Das ist er in der Tat.

Was bei der Diskussion über die untere Grenzfrequenz gerne vergessen wird, ist der Phasengang in der Nähe der unteren Grenzfrequenz: der sieht meist ziemlich übel aus. Mit einer unteren Grenzfrequenz von 13 Hz will man erreichen, dass ein 30 Hz Ton und seine Oberwellen phasenrichtig zueinander wiedergegeben werden, d.h. eine gewisse Impulstreue.


Das ist richtig. Die Gruppenlaufzeit sinkt. Der Druckkammereffekt trägt auch noch seinen Teil dazu bei.

Allerdings darf man auch nicht vergessen, dass ein frequenzabhängiger Limiter die Übertragungsfunktion und damit auch die Gruppenlaufzeit dynamisch je nach Eingangssignal verändert.

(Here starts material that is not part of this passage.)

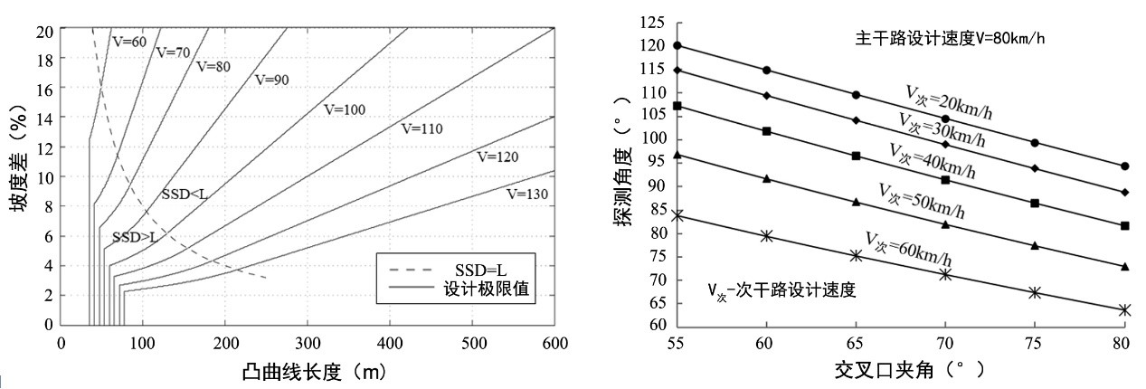 图4 自动驾驶路段凸曲线最小长度和交叉口夹角对探测角度的影响

Manche Leute sprechen von Kickbass, es ist dasselbe, nur macht ein typischer passiver Lautsprecher das eben erst bei 80 Hz richtig.


"Kickbass" hat nach meiner Erfahrung nichts mit der Gruppenlaufzeit zu tun. Die ist bei PA durch Bassreflex meist nicht sehr gut und es kickt einem trotzdem richtig schön in den Brustkorb. Hier hilft vor allem Pegel im richtigen Frequenzbereich.

Die Membranen machen selten einen Hub von mehr als 2 oder 3 mm.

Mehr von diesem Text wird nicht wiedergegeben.